- Supreme Court of Canada

Hearing: January 26, 27, 28, 1977 Judgment: November 30, 1977
- Full case name: Capital Cities Communications Inc., Taft Broadcasting Company and WBEN, Inc. v. Canadian Radio-Television Commission
- Citations: [1978] 2 S.C.R. 141
- Prior history: Appeal from Federal Court of Appeal
- Ruling: cable television as well as broadcast television, are the jurisdiction of the federal government

Court membership
- Chief Justice: Bora Laskin Puisne Justices: Ronald Martland, Roland Ritchie, Wishart Spence, Louis-Philippe Pigeon, Brian Dickson, Jean Beetz, Willard Estey, Yves Pratte

Reasons given
- Majority: Laskin C.J., joined by Martland, Judson, Ritchie, Spence and Dickson JJ.
- Dissent: Pigeon J., joined by Beetz and de Grandpré JJ.

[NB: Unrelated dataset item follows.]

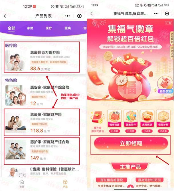 未雨绸缪、保驾护航:新购指定3款互联网保险产品中的任一款产品,1个工作日后即可点亮此两个徽章

= Capital Cities Communications Inc v Canadian Radio-Television Commission =

Capital Cities Communications v. CRTC (1977), [1978] 2 S.C.R. 141 is a Supreme Court of Canada decision on the legislative jurisdiction of cable television. Chief Justice Laskin, writing for the majority of the Court, held that all television, even where exclusively produced and distributed within the province, fell within the definition of a federal undertaking under section 92(10)(a) of the Constitution Act, 1867.

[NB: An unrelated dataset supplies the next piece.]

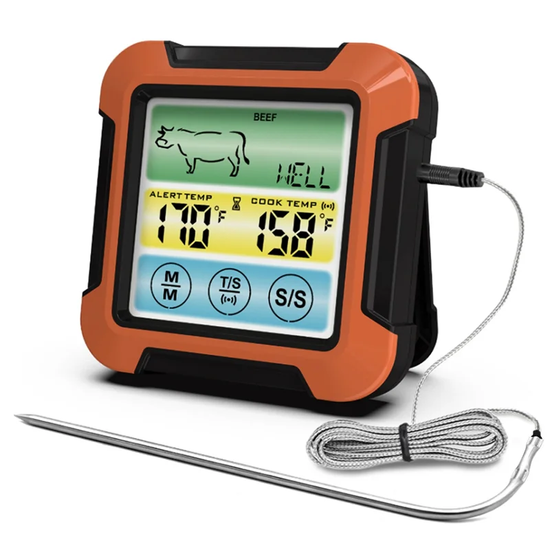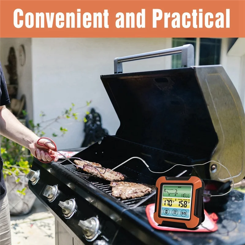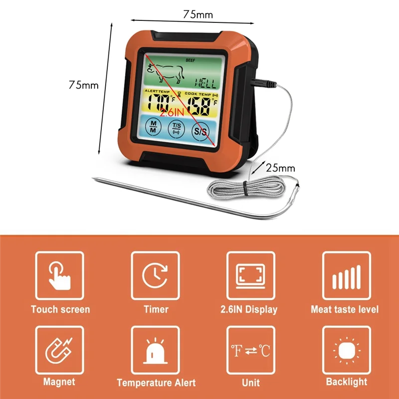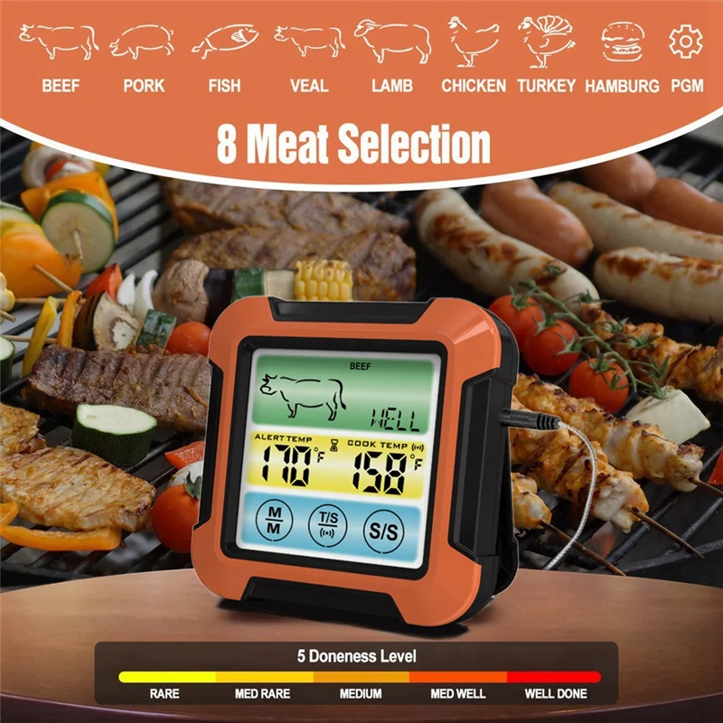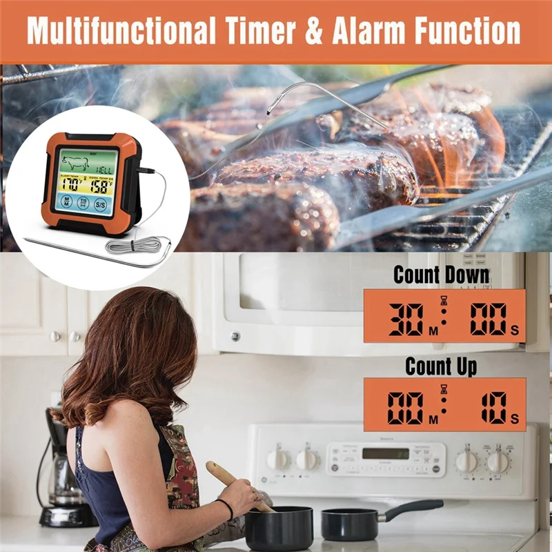 Built-in 8 foods and 5 flavors to choose from, you can also customize the target temperature setting, with kitchen timer function, with magnet and stand for easy storage. This product adds new temperature measurement mode and timer mode running at the same time and alarm function, solving the similar products can only run in a single mode of the pain points

Rogers Cable provided a subscription cable television service which included access to American television stations. In 1974, the Canadian Radio-Television Commission (by the time of the decision renamed the Canadian Radio-television and Telecommunications Commission, in both cases abbreviated CRTC), a federal regulatory agency, permitted Rogers to randomly replace selected commercial messages on the American stations it carried with its own promotional messages, after turning down a request for the cable provider to sell advertising time of its own on the stations, though leaving open the possibility of partnering with Canadian stations to do so. The CRTC's better-known simultaneous substitution policy, involving full replacements of American broadcasts with Canadian broadcasts of the same programs, was not mentioned in the decision.

The owners of three Buffalo, New York, television stations affected by the decision—Capital Cities Communications, owner of WKBW-TV; Taft Broadcasting, which owned WGR-TV; and the local owners of WBEN-TV—opposed any replacements of their advertising, and challenged the commission's jurisdiction in this matter.

The issue before the Court was whether the federal government had legislative jurisdiction over the content of cable television.

Laskin held that both cable and broadcast television were both within the jurisdiction of the federal government.

This decision was released along with the accompanying case Dionne v. Quebec (Public Service Board) [1978] 2 S.C.R. 191.